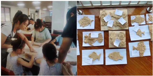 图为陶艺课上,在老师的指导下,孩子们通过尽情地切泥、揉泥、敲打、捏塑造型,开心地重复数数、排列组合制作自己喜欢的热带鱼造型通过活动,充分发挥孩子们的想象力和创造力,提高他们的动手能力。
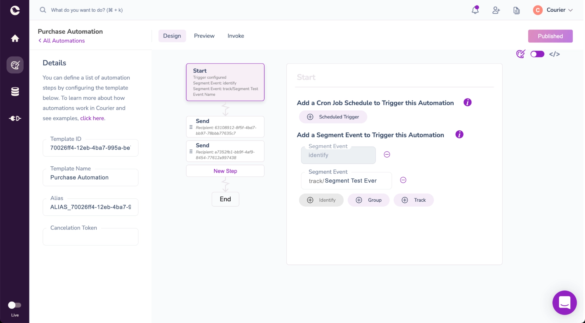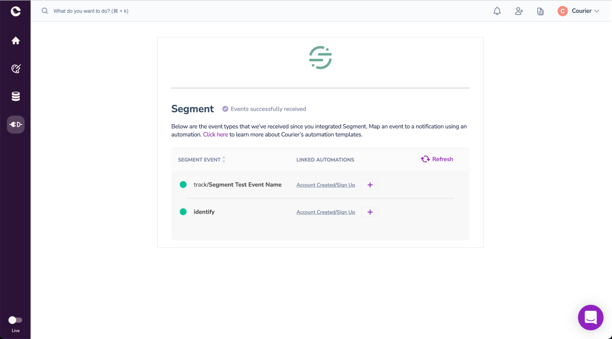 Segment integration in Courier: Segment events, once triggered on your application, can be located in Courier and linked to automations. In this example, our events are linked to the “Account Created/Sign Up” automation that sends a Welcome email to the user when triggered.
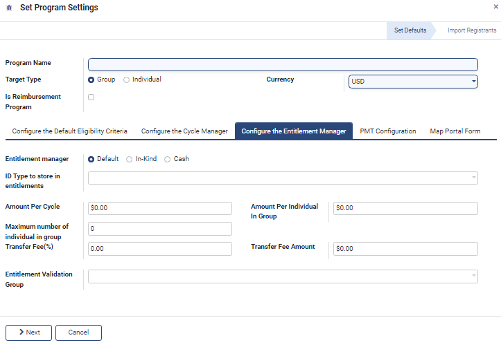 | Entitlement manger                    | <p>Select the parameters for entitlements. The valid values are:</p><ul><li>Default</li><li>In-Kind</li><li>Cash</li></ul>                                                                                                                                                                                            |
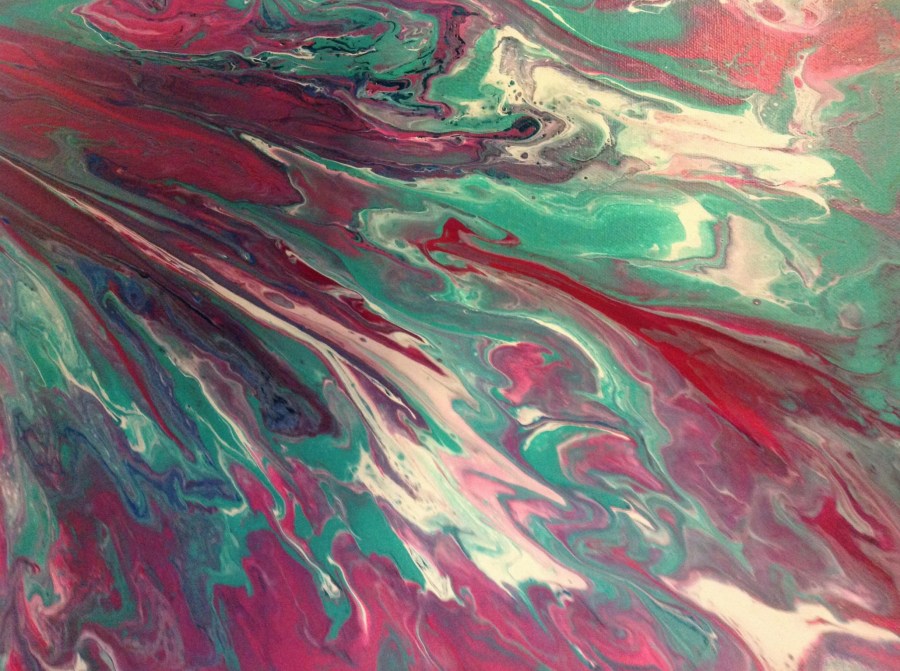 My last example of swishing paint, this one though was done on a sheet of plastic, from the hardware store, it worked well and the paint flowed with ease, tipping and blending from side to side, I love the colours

...

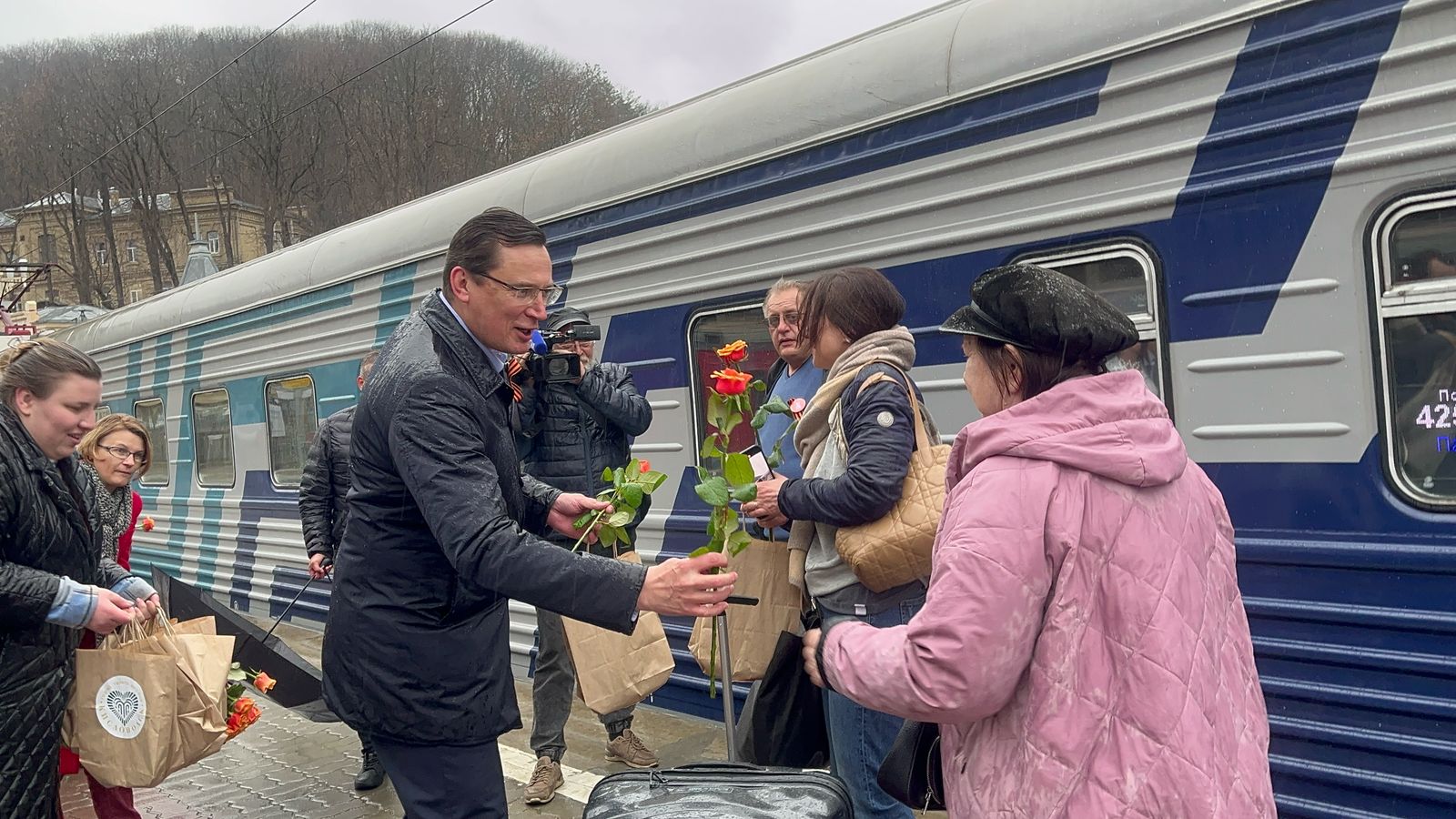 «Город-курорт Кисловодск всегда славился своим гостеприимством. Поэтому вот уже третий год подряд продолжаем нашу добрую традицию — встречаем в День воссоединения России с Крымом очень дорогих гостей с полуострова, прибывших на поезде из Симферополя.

--

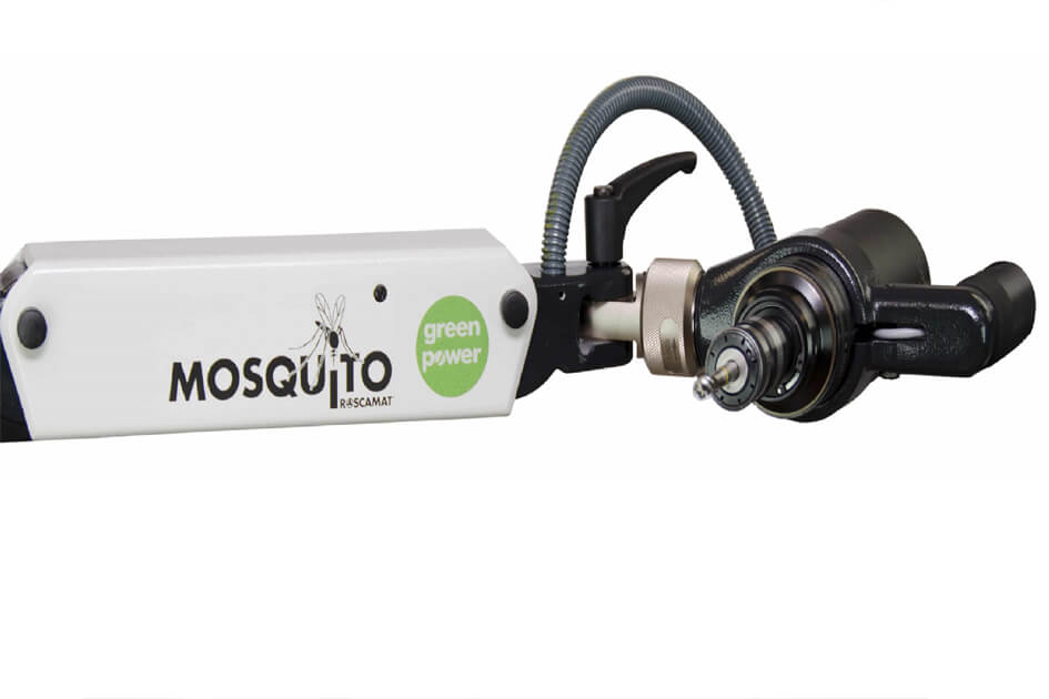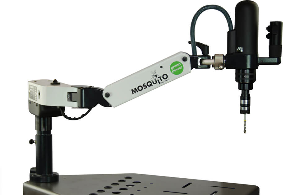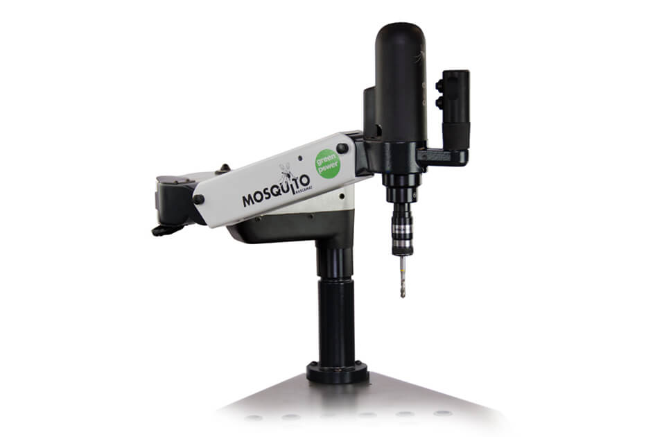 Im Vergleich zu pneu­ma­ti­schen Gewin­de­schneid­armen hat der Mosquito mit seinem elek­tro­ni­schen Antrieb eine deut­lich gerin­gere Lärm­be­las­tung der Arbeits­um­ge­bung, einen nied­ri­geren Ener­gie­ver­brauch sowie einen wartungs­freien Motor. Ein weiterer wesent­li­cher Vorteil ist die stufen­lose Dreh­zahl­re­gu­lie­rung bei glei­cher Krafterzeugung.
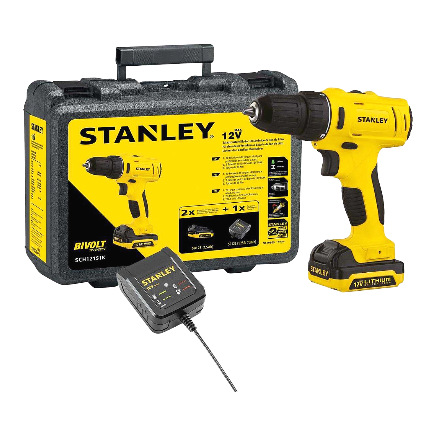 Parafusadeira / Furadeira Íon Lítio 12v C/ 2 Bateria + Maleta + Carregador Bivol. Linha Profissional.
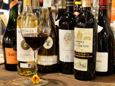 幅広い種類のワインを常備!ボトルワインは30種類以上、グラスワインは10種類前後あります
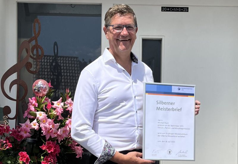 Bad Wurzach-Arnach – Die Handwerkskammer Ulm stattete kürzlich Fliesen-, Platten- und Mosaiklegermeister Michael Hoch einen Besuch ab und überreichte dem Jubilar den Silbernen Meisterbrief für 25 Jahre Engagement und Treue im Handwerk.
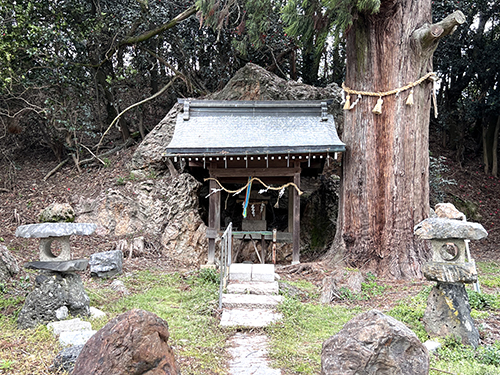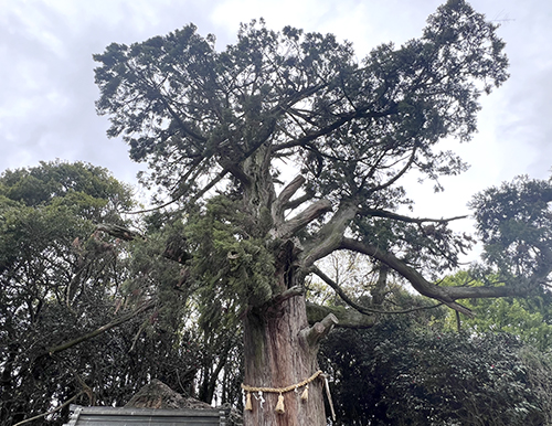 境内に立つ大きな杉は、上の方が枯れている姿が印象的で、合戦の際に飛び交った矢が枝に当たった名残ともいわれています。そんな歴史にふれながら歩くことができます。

■ EXERCISE AIM ■
Copy word for word the lines above, starting at the line containing "Parafusadeira / Furadeira" and ending at the line containing "境内に立つ大きな杉は、上の方", inclusive, with no pictures.

■ PROBLEM SOLUTION ■
 Parafusadeira / Furadeira Íon Lítio 12v C/ 2 Bateria + Maleta + Carregador Bivol. Linha Profissional.
 幅広い種類のワインを常備!ボトルワインは30種類以上、グラスワインは10種類前後あります
 Bad Wurzach-Arnach – Die Handwerkskammer Ulm stattete kürzlich Fliesen-, Platten- und Mosaiklegermeister Michael Hoch einen Besuch ab und überreichte dem Jubilar den Silbernen Meisterbrief für 25 Jahre Engagement und Treue im Handwerk.
 境内に立つ大きな杉は、上の方が枯れている姿が印象的で、合戦の際に飛び交った矢が枝に当たった名残ともいわれています。そんな歴史にふれながら歩くことができます。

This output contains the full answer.